IS PASTA BAD FOR YOU? CONSIDER THESE FINDINGS
A group of 20 scientists and health professionals from nine nations met in Italy in 2015 to present research on everyone’s favorite food, pasta. Among the findings presented at the so-called World Pasta Congress:
- Pasta is a key component of many of the world’s traditional healthy eating patterns, such as the scientifically proven Mediterranean Diet. Most plant-based dietary patterns help prevent and slow progression of major chronic disease and confer great health benefit than current Western dietary patterns.
- Pasta is satiating and keeps you fuller longer. A pasta meal can be moderate in its calorie content, assuming the portion is correct and the dressing-topping is not calorie-rich.
- At a time when obesity and diabetes have a high prevalence around the world, pasta meals and other low-Glycemic Index foods may help control blood sugar and weight especially in overweight people.
- Pasta is a simple plant-based food, and has a low environmental impact.
Click here to see the full list of pasta benefits.
GLUTEN-FREE GREEK PASTA SALAD
Prep: 15 minutes
Assembly: 2 minutes
This gluten-free pasta salad can be made ahead. Ingredients can be cut up the day before eating. The pasta can be cooked, cooled and stored in a large bowl, covered with plastic wrap.

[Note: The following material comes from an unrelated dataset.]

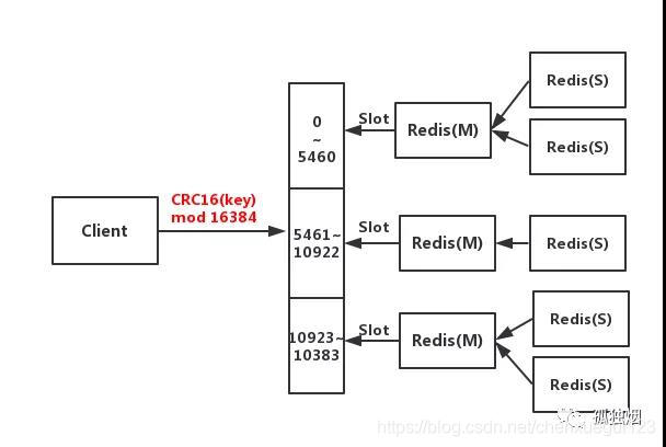 HASH_SLOT=CRC16(key) mod 16384,计算出映射到哪个分片上,然后Redis会去相应的节点进行操作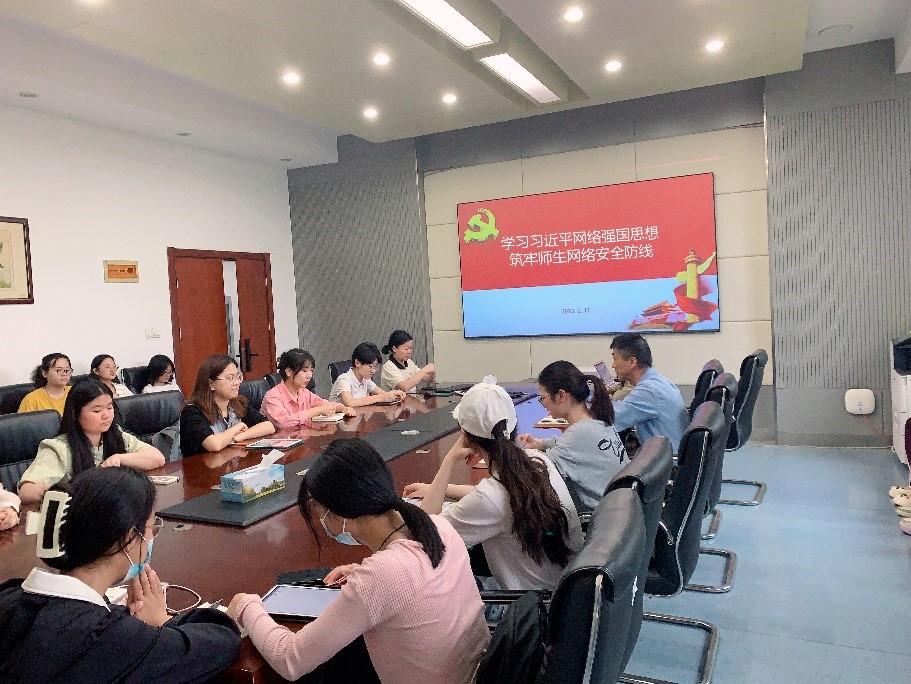 “没有网络安全就没有国家安全。”查贵庭系统介绍了习近平总书记关于网络强国的重要思想,围绕“网络安全法律法规、学校网络安全现状、常见网络安全问题”三个方面,结合实际案例为支部党员讲解网络安全知识,引导学生树立网络强国意识,加深对网络安全的认识,做好个人网络安全防护,和学校共同筑牢网络安全防线。

The dressing can be made ahead and stored at room temperature until served.
MAKES 6 SERVINGS.
4 quarts water
1 teaspoon salt
1 (8-ounce) package small gluten-free pasta shells or elbows, under-cooked by 2 to 3 minutes
1 tablespoon olive oil
20 cherry tomatoes, quartered
1 cup canned chickpeas, rinsed and drained
¾ cup roasted red peppers, drained and coarsely chopped
¾ cup crumbled feta cheese or dairy-free cheese replacement, optional
½ cup pitted Kalamata olives, coarsely chopped
1 tablespoon chopped fresh basil
2 teaspoons chopped fresh thyme
Salt, optional, to taste
Freshly ground black pepper, optional, to taste
¼ cup good-quality olive oil
¼ cup + 1 tablespoon red wine vinegar
2 cloves garlic, crushed
2 teaspoons chopped fresh basil
1 teaspoon fresh or dry oregano
1 teaspoon sugar
- Bring 4 quarts of water to a boil in a large pot. Stir in 1 teaspoon salt and add pasta. Follow package instructions except undercook pasta by 2 to 3 minutes or until it’s opaque but firm. Rinse in cold water and drain well. Toss with 1 tablespoon olive oil. Return to pot.
- Add tomatoes, chickpeas, red peppers, feta cheese (if using), Kalamata olives, 1 tablespoon basil, and thyme to drained pasta, tossing to combine.
- To make dressing, place ¼ cup olive oil, vinegar, garlic, 2 teaspoons basil, oregano, and sugar in a medium bowl and whisk to combine.
- Drizzle dressing over pasta, tossing gently until ingredients are evenly coated. Taste before adding salt and pepper, as feta and olives are salty.
- Transfer pasta salad to a serving bowl and chill 1 to 2 hours. Alternatively, serve at room temperature. Leftover salad will keep 1 day in the refrigerator.
Each serving with dressing contains 381 calories 18g total fat, 6g saturated fat, 0g trans fat, 17mg cholesterol, 799mg sodium, 43g carbohydrate, 7g fiber, 5g sugars, 11g protein, 22Est GL.